**OULAD activity types**


Here I collapse collapse OULAD’s 19  VLE activity types into  three high-level media buckets. In vle.csv, each id_site maps to an activity_type—these are typically HTML pages, PDFs, external links, quizzes or collaborative tools. Here’s a sensible mapping:

High-level bucket	OULAD activity types	Notes
Courses will come from 	resource, oucontent, page, subpage, htmlactivity, folder, dualpane, glossary.	These are internal learning pages—text, multimedia embeds, structured content that you’d treat as “course” interactions.

Reading:	url (when the target URL ends in .pdf or points to an online book), ouwiki.	Any external link to a PDF or book-style content, plus wiki/glossary pages, can be bucketed as “reading.” You’ll need to fetch/inspect the actual URL string.

Videos:	url (when the target domain is a video host like youtube.com/vimeo.com), ouelluminate, oucollaborate.	Live-session tools (ouelluminate, oucollaborate) and any external links whose domains resolve to known video platforms get labeled “video.”

To implement this algorythm i will join studentVle.csv with vle.csv on id_site to pull in activity_type.
For every url-type row, retrieve its actual URL from  scraped VLE metadata or logs.
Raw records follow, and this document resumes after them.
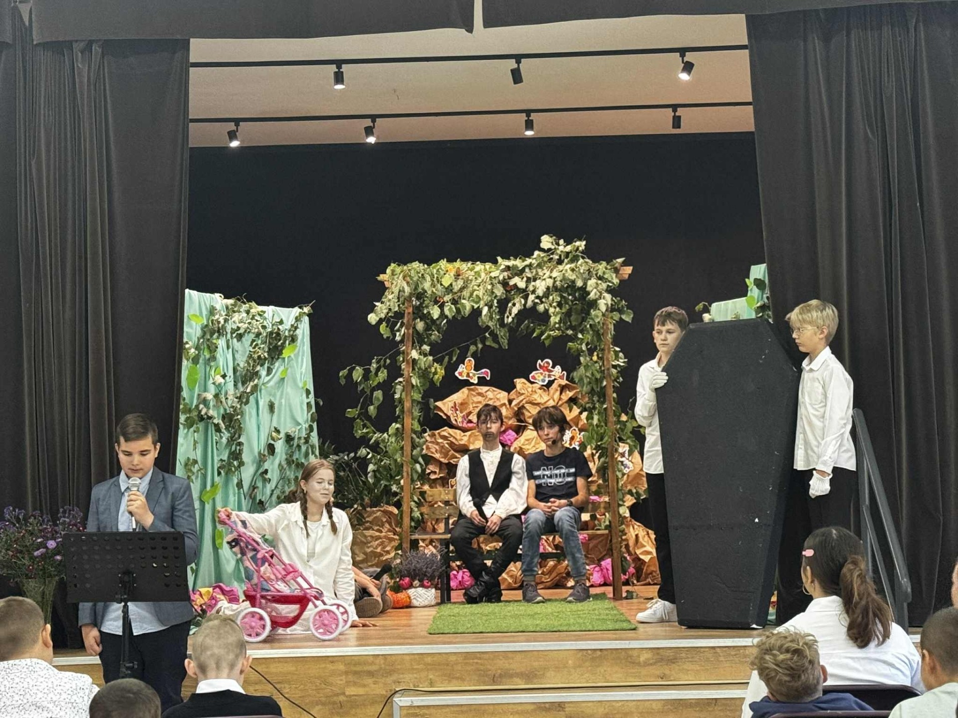 Przedstawieniu towarzyszyły również fragmenty dzieł poety – uczniowie z zaangażowaniem odczytali wybrane Fraszki, Treny i Pieśni, dzięki czemu widzowie mogli lepiej poznać treść utworów.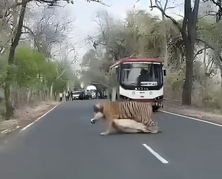 सड़क पर अचानक बाघ के प्रकट होने से राजमार्ग पर यातायात कुछ देर के लिए रुक गया। एसटी बसें, चार पहिया वाहन और दो पहिया वाहन सुरक्षित दूरी बनाए रखते हुए रुक गए। सभी लोग दूर से इस रोमांचक दृश्य को देख रहे थे। बाघ ने जिस बैल का शांतिपूर्वक शिकार किया था, वह सड़क पार करके जंगल की ओर भाग गया।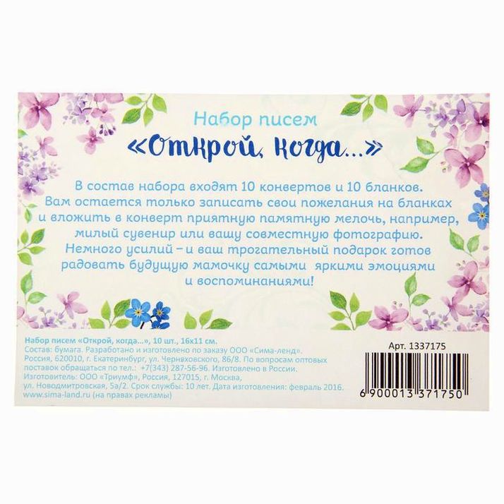 Набор для проводов в декрет «Письма на все случаи жизни» (№1337175).

If it ends in .pdf or matches an online book domain we will count as reading. If the domain is YouTube, Vimeo, etc. will count as video.

Else we can either drop it or assign to a “misc” bucket.

Aggregate per user to get  material_counts and material_prefs fields, now aligned to exactly three modalities: course, reading, video.

This lets us seed the tri-modal profiles from OULAD even though it doesn’t natively record “books” or “YouTube” events—by pattern-matching external links and grouping internal content pages.

In [14]:
import pandas as pd

In [None]:
# 1. Load OULAD data

path="../data/raw/OULAD"
vle_df= pd.read_csv(f"{path}/vle.csv")
student_vle_df = pd.read_csv(f"{path}/studentVle.csv")
student_info_df = pd.read_csv(f"{path}/studentInfo.csv")

In [15]:
# 2. Define a mapping from detailed activity_type → media bucket

def map_media_bucket(activity_type):
    """
    Collapse detailed OULAD activity_type into three media buckets.
    """
    video_types = {'ouelluminate', 'oucollaborate'}
    course_types = {
        'resource', 'oucontent', 'quiz', 'forumng',
        'htmlactivity', 'dataplus', 'sharedsubpage',
        'questionnaire'
    }
    reading_types = {'url', 'ouwiki', 'glossary',
                     'folder', 'page', 'subpage'}
    if activity_type in video_types:
        return 'video'
    elif activity_type in reading_types:
        return 'reading'
    elif activity_type in course_types:
        return 'course'
    else:
        return 'other'

In [16]:
# 3. Merge click logs with activity types and map to media buckets
df = student_vle_df.merge(
    vle_df[['id_site', 'activity_type']],
    on='id_site', how='left'
)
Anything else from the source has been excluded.